● EXERCISE INSTRUCTIONS
Within the entries below, please return exactly the lines from the one with "rib-knit hooded T-shirt" through the one with "Executive Loft Suite Pool/Sea", leaving out any pictures.

● MATERIAL TO PROCESS
######

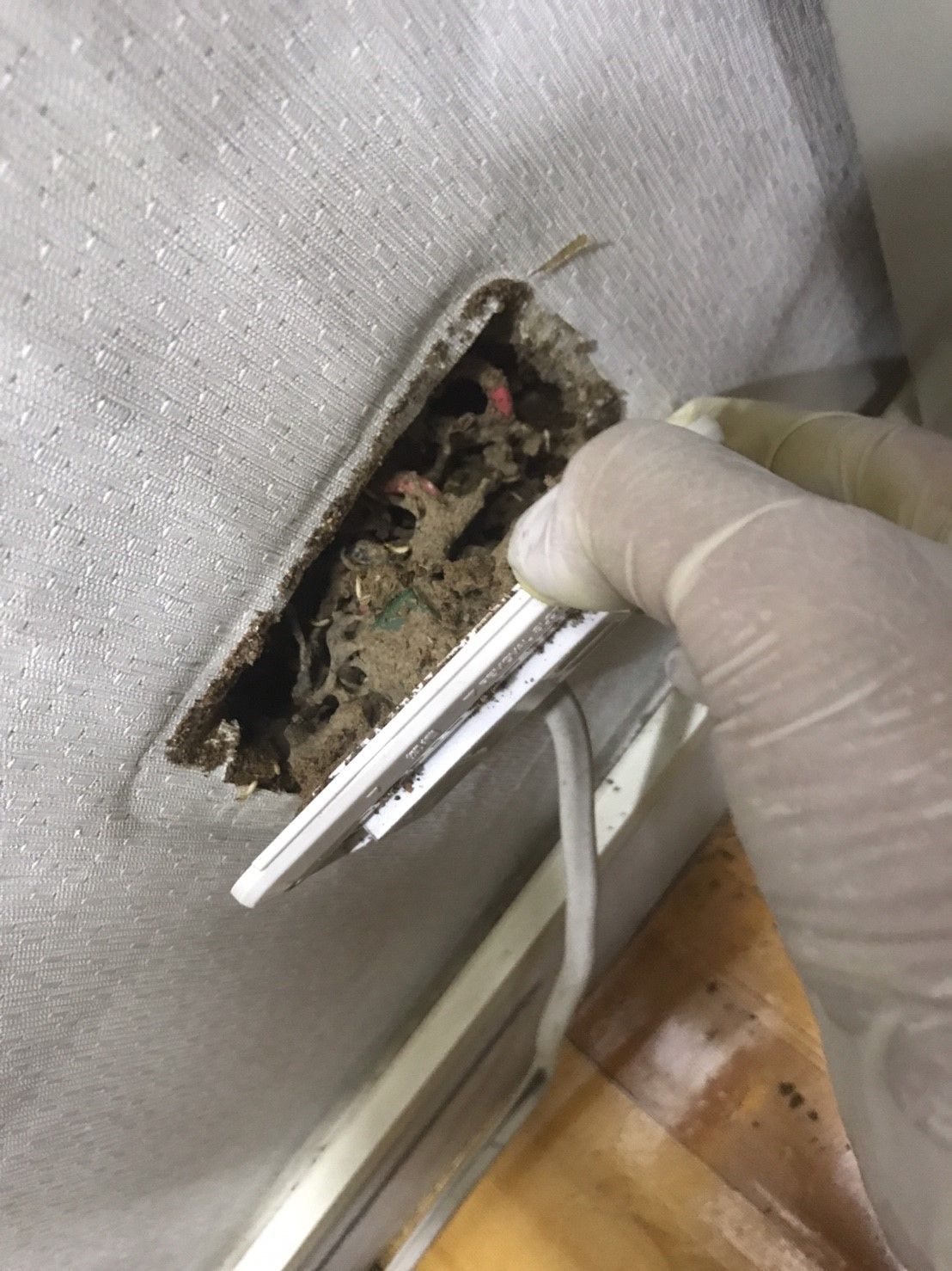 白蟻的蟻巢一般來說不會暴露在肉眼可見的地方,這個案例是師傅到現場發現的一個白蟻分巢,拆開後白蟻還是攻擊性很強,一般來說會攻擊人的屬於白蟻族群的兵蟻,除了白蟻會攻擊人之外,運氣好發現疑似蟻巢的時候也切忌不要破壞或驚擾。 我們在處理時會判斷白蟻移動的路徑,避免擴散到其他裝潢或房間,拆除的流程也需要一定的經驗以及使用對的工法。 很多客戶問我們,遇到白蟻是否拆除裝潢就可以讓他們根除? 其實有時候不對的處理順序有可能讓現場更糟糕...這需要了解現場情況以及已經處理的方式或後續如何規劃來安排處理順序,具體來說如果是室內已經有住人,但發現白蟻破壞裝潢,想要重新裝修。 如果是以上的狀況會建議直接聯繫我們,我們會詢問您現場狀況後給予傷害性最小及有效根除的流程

######

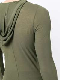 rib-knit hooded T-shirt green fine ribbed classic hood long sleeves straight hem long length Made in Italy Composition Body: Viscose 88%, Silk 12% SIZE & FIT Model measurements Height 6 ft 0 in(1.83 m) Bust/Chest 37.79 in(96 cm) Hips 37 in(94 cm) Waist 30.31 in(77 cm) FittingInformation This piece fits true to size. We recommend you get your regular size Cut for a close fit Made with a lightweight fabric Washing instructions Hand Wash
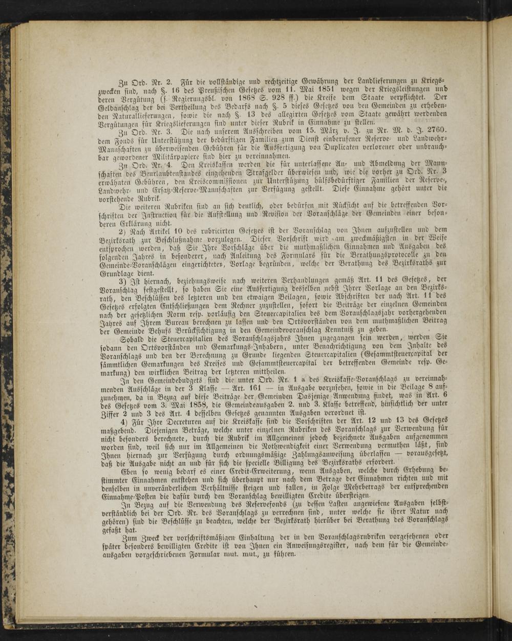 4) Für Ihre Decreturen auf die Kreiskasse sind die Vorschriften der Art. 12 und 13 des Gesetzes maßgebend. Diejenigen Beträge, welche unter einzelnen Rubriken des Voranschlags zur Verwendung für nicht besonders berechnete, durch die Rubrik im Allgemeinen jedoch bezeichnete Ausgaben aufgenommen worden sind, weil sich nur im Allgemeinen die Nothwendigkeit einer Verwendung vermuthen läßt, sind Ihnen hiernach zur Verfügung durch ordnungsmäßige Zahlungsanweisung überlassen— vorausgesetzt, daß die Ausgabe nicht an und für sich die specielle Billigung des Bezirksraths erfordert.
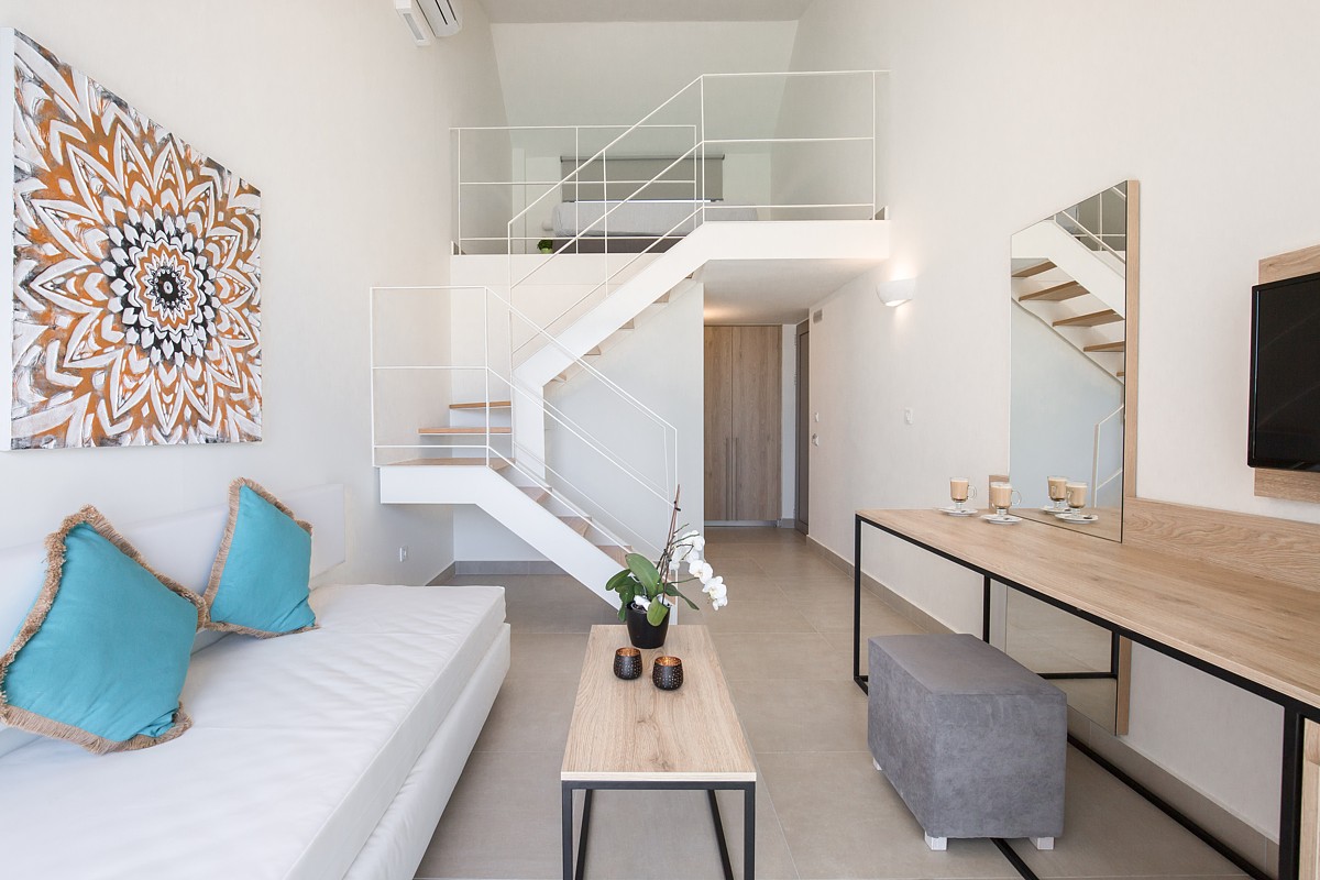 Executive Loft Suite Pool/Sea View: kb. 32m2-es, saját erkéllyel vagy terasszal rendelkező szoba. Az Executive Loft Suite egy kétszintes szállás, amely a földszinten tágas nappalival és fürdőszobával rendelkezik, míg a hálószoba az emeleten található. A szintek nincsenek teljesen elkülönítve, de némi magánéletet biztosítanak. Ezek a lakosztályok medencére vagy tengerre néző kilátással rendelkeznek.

######

● ANSWER TO THIS EXERCISE
 rib-knit hooded T-shirt green fine ribbed classic hood long sleeves straight hem long length Made in Italy Composition Body: Viscose 88%, Silk 12% SIZE & FIT Model measurements Height 6 ft 0 in(1.83 m) Bust/Chest 37.79 in(96 cm) Hips 37 in(94 cm) Waist 30.31 in(77 cm) FittingInformation This piece fits true to size. We recommend you get your regular size Cut for a close fit Made with a lightweight fabric Washing instructions Hand Wash
 4) Für Ihre Decreturen auf die Kreiskasse sind die Vorschriften der Art. 12 und 13 des Gesetzes maßgebend. Diejenigen Beträge, welche unter einzelnen Rubriken des Voranschlags zur Verwendung für nicht besonders berechnete, durch die Rubrik im Allgemeinen jedoch bezeichnete Ausgaben aufgenommen worden sind, weil sich nur im Allgemeinen die Nothwendigkeit einer Verwendung vermuthen läßt, sind Ihnen hiernach zur Verfügung durch ordnungsmäßige Zahlungsanweisung überlassen— vorausgesetzt, daß die Ausgabe nicht an und für sich die specielle Billigung des Bezirksraths erfordert.
 Executive Loft Suite Pool/Sea View: kb. 32m2-es, saját erkéllyel vagy terasszal rendelkező szoba. Az Executive Loft Suite egy kétszintes szállás, amely a földszinten tágas nappalival és fürdőszobával rendelkezik, míg a hálószoba az emeleten található. A szintek nincsenek teljesen elkülönítve, de némi magánéletet biztosítanak. Ezek a lakosztályok medencére vagy tengerre néző kilátással rendelkeznek.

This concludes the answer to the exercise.